Never had one (written) that was not signed. I have little doubt that the email does'nt holds up in court - what they doubt is more important.

Good luck - I don't know how the state od WA handles such things. I would loose in CO - don't tell anyone though!


----------



## genecarp (Mar 16, 2008)

Yes, i unfortunately have come across these Nuts also, good luck with it, GMOD


----------



## Winchester (Jun 29, 2008)

I think that's one good argument to have C/Os paid for right away as they come up.

When they all start stacking up towards the end is almost just waiting for an issue to occur when you expect to get paid.


----------



## wheeler (Feb 8, 2009)

eModPro said:


> ...Has anyone run into a customer like this or had similar problems with customers refusing a bill after work was completed?
> Yikes!


every day. so happens we're meeting with another one this evening to closeout a similar situation. your customer isn't freaking out, your story reads like a typical wealthy person we see in the custom residential market all the time, its quite possible you're being sucker-punched, and generally speaking what you are describing is what many a wealthy person does. suggestion is you get your documents together and start working with a lawyer, file those liens, and don't walk yourself into a trap.


----------



## NormW (Jun 4, 2009)

I'm willing to bet that the majority of us have ran into this at the final payment, at one point or another. 

I was stung once for 2,800 on a C/O. I ate the material and the labor for replacing a leaky roof over a remodel. Reason customer didn't pay me... I wouldn't repair the rotted fascia and soffits until they paid the $2,800 they already owed me. I stuck to my guns.... and they stuck to theirs. 

Best practice is to give them the Change Order before you do the work. If it's T&M, give them the C/O as soon as possible. Including it in the final bill, is an invitation for trouble. 

_Some_ customers are savvy enough, not to complain until all the work is completed, and they owe you.

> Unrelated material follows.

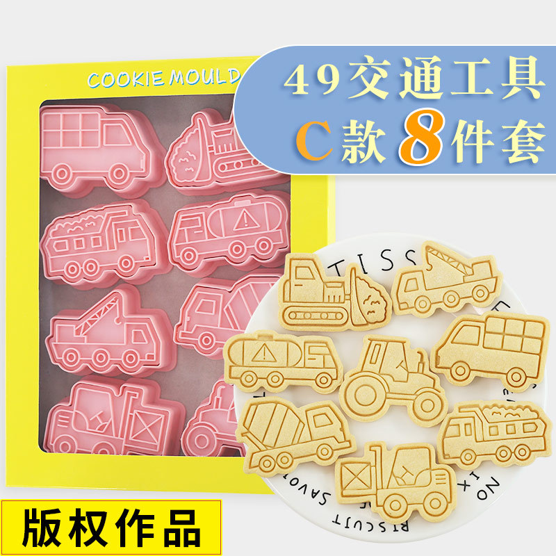 交通機関ビスケット金型c型8点セットトラクタークレーン3d立体プラスチック改糖クッキー焙煎ツール

Having a C/O in there isn't going to help.

If it was me, I'd try to get as much money as they agree to, then cut my losses. 

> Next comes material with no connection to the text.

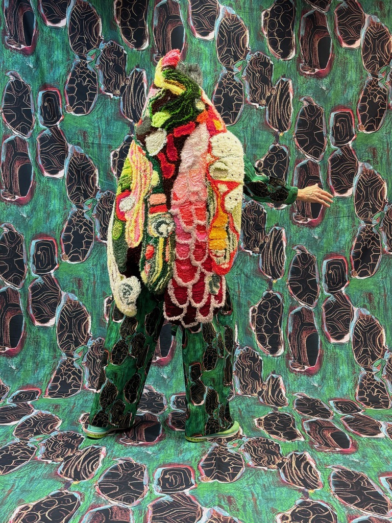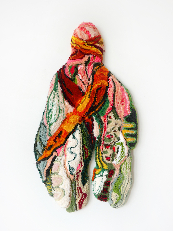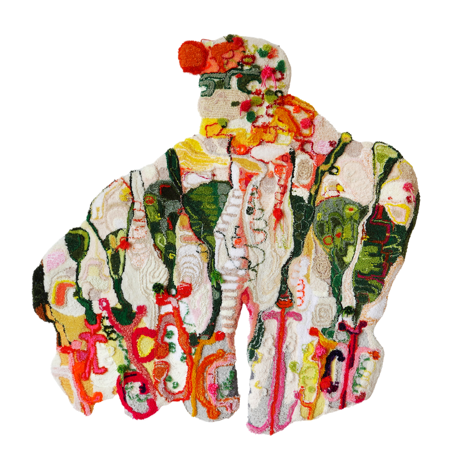 Als Marjo Postma het frame omdraait waarop ze een groot textielwerk aan het tuften is, zie ik dat ze op de tegenkant een krantenfoto van een baviaan heeft geprikt. De aap kijkt je recht in de ogen. ‘Hij kijkt of ik wel hard genoeg werk’, zegt Marjo. Daar hoeft hij niet aan te twijfelen, want haar grote atelier in Pakhuis Wilhelmina aan de Veemkade in Amsterdam, dat ze deelt met haar man, grafisch ontwerper Michiel Uilen, barst van de energie en haar beeldende werk is onontkoombaar aanwezig. De baviaan geeft eerder rekenschap van het belang van haar menselijke verbeelding van de schepping. Ze is ondergeschikt aan het natuurlijke leven dat haar omringt en daar wil ze in haar werk verantwoording over afleggen.

Last point, Nowadays I try to keep the final payment amount beneath the threshold for small claims court. Here that's 2k. I sleep better knowing I can handle it in Small Claims if I want to. Personally, I'd probably cut the losses, if I fumbled again.


----------



## mikeswoods (Oct 11, 2008)

You guys are scaring me.

All to often I proceed with changes without proper paper work(or even discussing price!)

Fortunately,I've never been stiffed---I have seen the customers jaw drop to the floor at the changes.

I think I better dust off the change order book and start using it before I end up in this boat.

Most of my customers are referrals,However that is not a guarantee that a good customer does not have a nut job for an acquaintance!!! 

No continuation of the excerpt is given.